SOURCE MATERIAL:
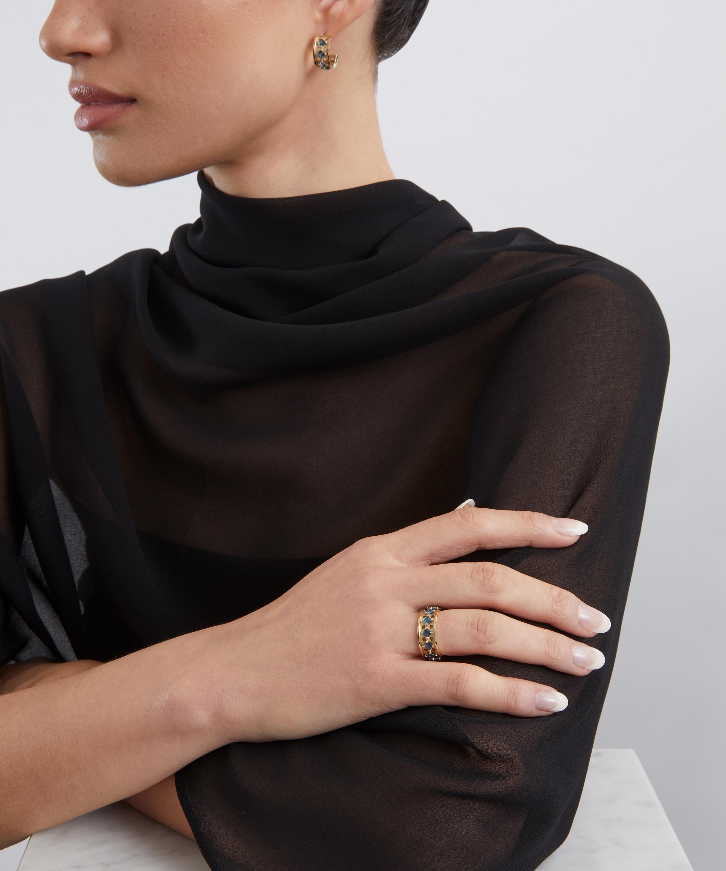 Handmade in Italy from solid 9ct gold, jewel-toned blue topaz stones are intricately set among ornate cut-out detailing – echoing the craftmanship and romance of vintage hand-worked trims. Timeless yet contemporary, this versatile design moves effortlessly between everyday wear and special occasions. An heirloom in the making, pair it with the coordinating Trims Blue Topaz Hoop Earrings or mix and match with the other rings in the collection for added impact.
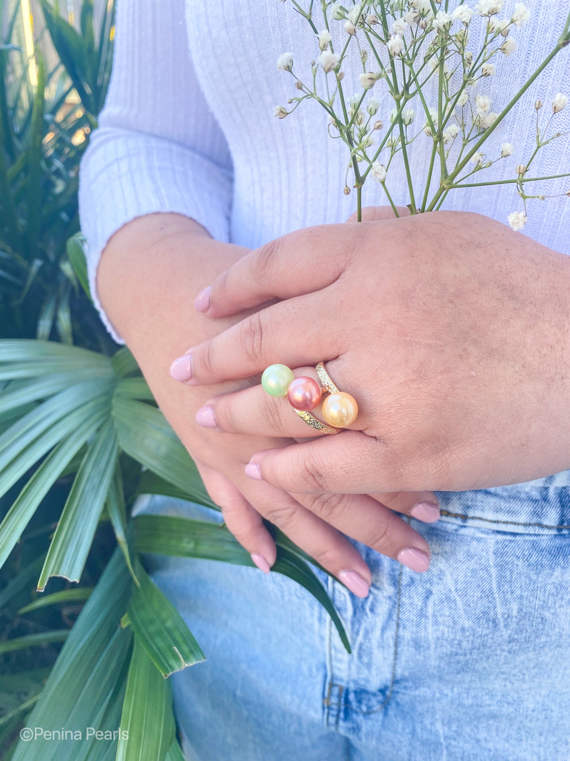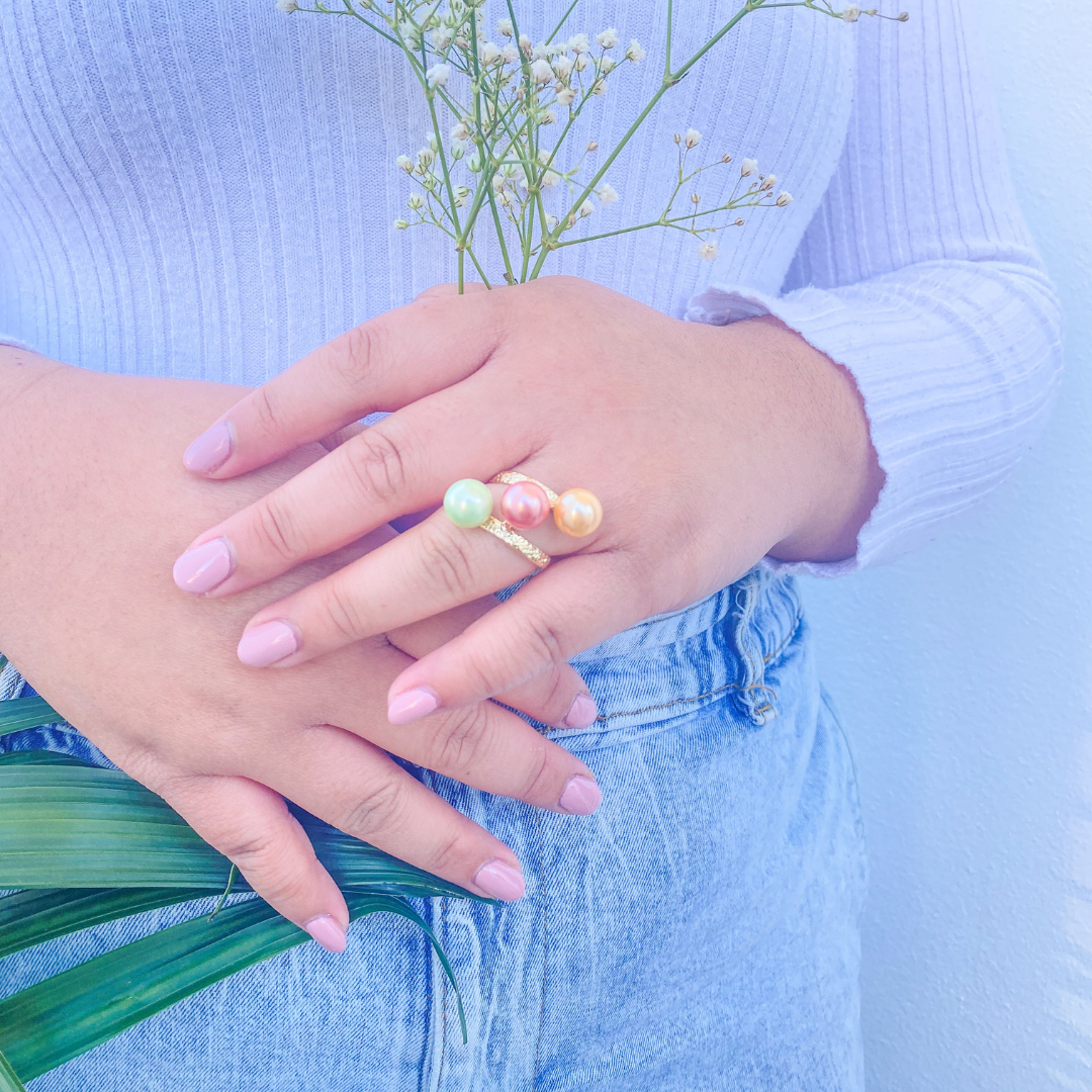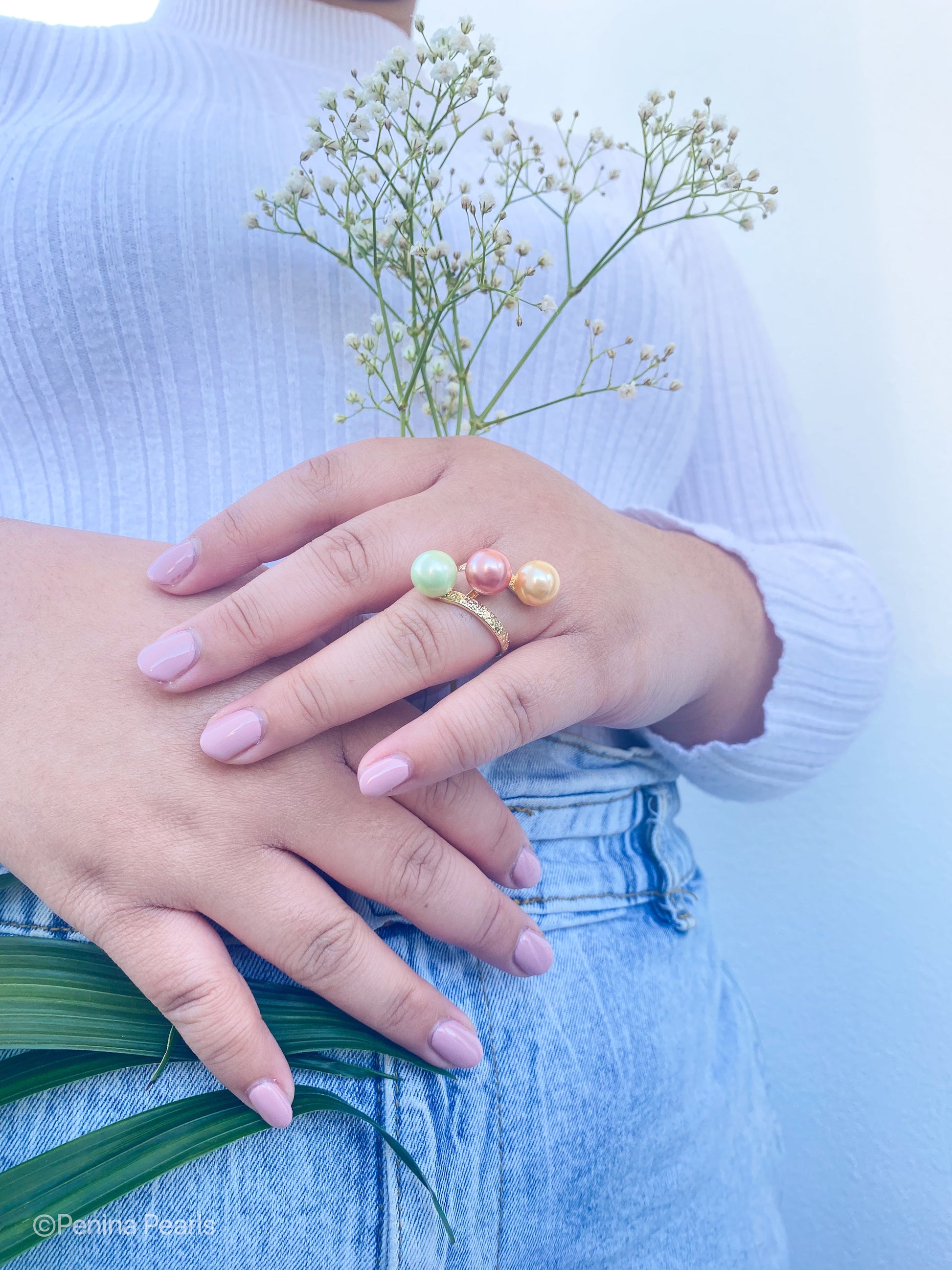 ATHENA - Multicoloured 3 Premium Seashell Pearl Ring - Hammered Style
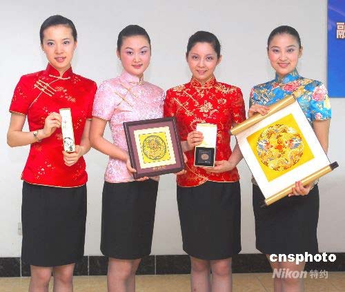 南京首航两岸周末包机“神秘小礼物”揭晓,包括南京特有石头雨花石所做成的摆设品、手链和钥匙扣以及“工艺之宝”云锦。“身价不菲”的南京云锦卷轴挂画可能会馈赠给头等舱旅客。中新社发 王浩 摄
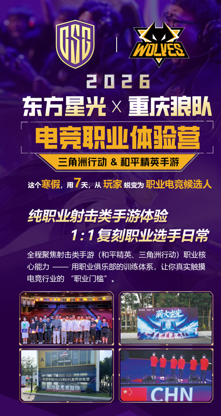电竞不是沉迷的借口,热爱更需专业的滋养。2026 东方星光 × 重庆狼队电竞职业体验营,让每一份电竞热爱都能找到正确的成长方向,让潜力在科学训练中绽放!
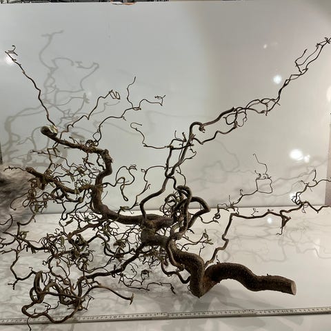 Troldhassel-gren i naturfarvet træ. Grenen har en snoet og dekorativ form, som gør den yderst velegnet til brug som dekoration i hjemmet eller til kreative formål.
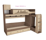 Двухъярусная детская кровать с выдвижной лестницей-шкафом и дополнительными полками и ящиками.
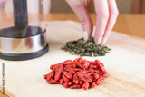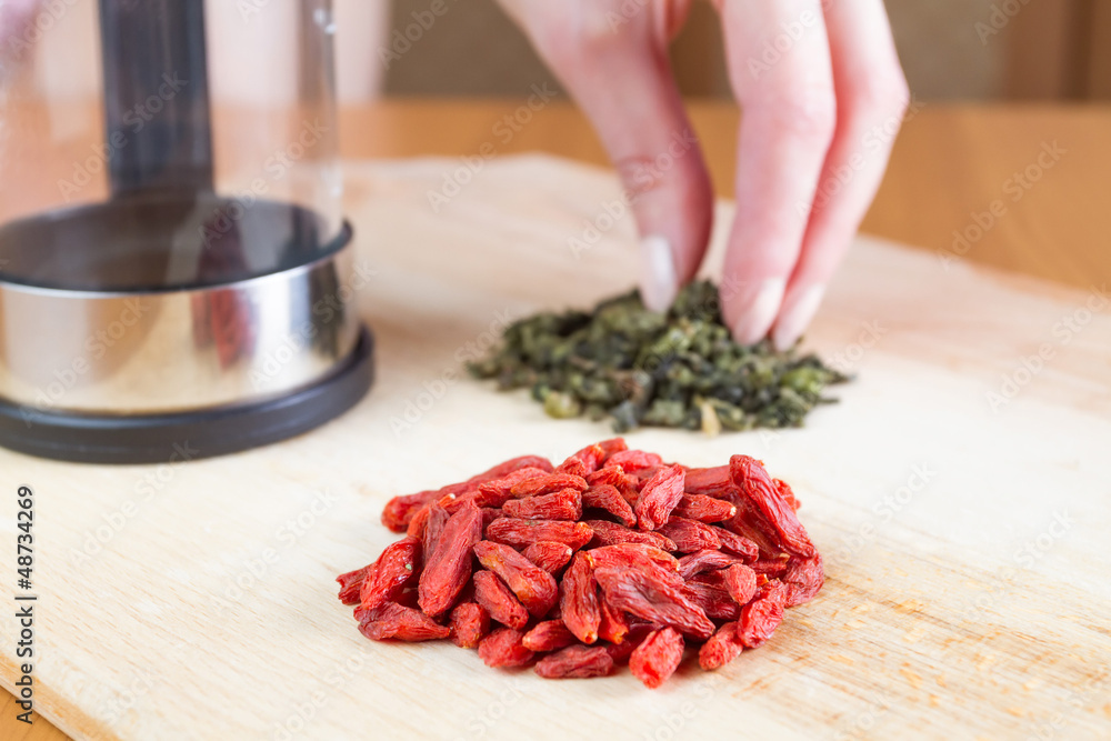 Teapot, green tea, goji on the table closed up

WORK REQUIRED: Every record above should come back exactly, but without its pictures.

EXERCISE RESULT:
 Handmade in Italy from solid 9ct gold, jewel-toned blue topaz stones are intricately set among ornate cut-out detailing – echoing the craftmanship and romance of vintage hand-worked trims. Timeless yet contemporary, this versatile design moves effortlessly between everyday wear and special occasions. An heirloom in the making, pair it with the coordinating Trims Blue Topaz Hoop Earrings or mix and match with the other rings in the collection for added impact.
 ATHENA - Multicoloured 3 Premium Seashell Pearl Ring - Hammered Style
 南京首航两岸周末包机“神秘小礼物”揭晓,包括南京特有石头雨花石所做成的摆设品、手链和钥匙扣以及“工艺之宝”云锦。“身价不菲”的南京云锦卷轴挂画可能会馈赠给头等舱旅客。中新社发 王浩 摄
电竞不是沉迷的借口,热爱更需专业的滋养。2026 东方星光 × 重庆狼队电竞职业体验营,让每一份电竞热爱都能找到正确的成长方向,让潜力在科学训练中绽放!
 Troldhassel-gren i naturfarvet træ. Grenen har en snoet og dekorativ form, som gør den yderst velegnet til brug som dekoration i hjemmet eller til kreative formål.
 Двухъярусная детская кровать с выдвижной лестницей-шкафом и дополнительными полками и ящиками.
 Teapot, green tea, goji on the table closed up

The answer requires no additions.